Daha sonra tekrar çeşitli memurluklarda bulundu. Ek iş olarak Ticaret Mekteb-i Alisi'nde hat ve Fransızca öğretmenliği yaptı. 1891'de Mirsad Dergisi'nin açtığı şiir yarışmasında birinciliği kazanınca, edebiyat çevrelerinin dikkatini üstüne çekti. 1892'de Galatasaray Sultanisi'nin ilk bölümüne Türkçe öğretmeni atandı. 1894'te Hüseyin Kâzım Kadri ve Ali Ekrem Bolayır'la birlikte Malûmat Dergisi'ni çıkartmaya başladı. 1895'te hükümetin bütçede kısıntı yapma gerekçesiyle memur maaşlarının yüzde onunu kesmesine tepki olarak Galatasaray'daki görevinden istifa etti ve inzivaya çekildi.

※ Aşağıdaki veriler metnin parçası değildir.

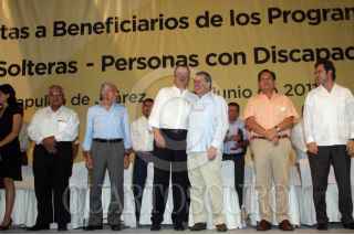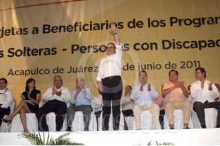ACAPULCO, GUERRERO, 27JUNIO2011.- Marcelo Ebrard Casaubon, jefe de gobierno del D.F., y Ángel Aguirre Rivero, gobernador de Guerrero, hicieron la primer entrega de tarjetas a beneficiarios de los programas “Guerrero Cumple”, que se otorgaron a cuatro mil madres jefas de familia y 500 personas con discapacidad. FOTO: CUARTOSCURO.COM

1896'da, eski öğretmeni Recaizade Ekrem'in aracılığıyla Servet-i Fünun Dergisi'nin yazı işleri yönetmenliğine getirildi. Aynı yıl Robert Koleji'ne Türkçe öğretmeni olarak tayin edildi. Sultan Abdülhamid yönetimine muhalif olan Batıcılar, muhalefetlerinde uzun süre başarı sağlayamayınca bu durum onları toplumdan kaçış düşüncelerine sürükledi ve Tevfik Fikret’teki "inziva" düşüncesini daha da derinleşti. Bu düşünce, Servet-i Fünun yazarlarınca da benimseniyordu.
Bir ara hepsi birlikte Yeni Zelanda'ya gitmeyi, daha sonra Hüseyin Kâzım'ın Manisa'nın bir köyündeki çiftliğine yerleşmeyi düşündüler. Ama Fikret'in "Yeşil Yurt" şiirinde de açıkça görülen bu sıla ütopyası ve birlikte yaşama özlemi bir türlü gerçekleşmedi. Servet-i Fünuncular arasında görüş ayrılıkları başlamıştı. Bazıları dergiden ayrıldılar. Bir süre sonra Fikret de derginin sahibi ile anlaşamayarak yazı işleri yönetmeliğini bıraktı. Bütün zamanını Robert Koleji'nde geçirmeye başladı. 1901'de "inziva" düşüncesini gerçekleştirmek amacıyla Rumelihisarı'nda Robert Koleji'nin yanında, planlarını kendisinin çizdiği Aşiyan adlı evi yaptırmaya başladı.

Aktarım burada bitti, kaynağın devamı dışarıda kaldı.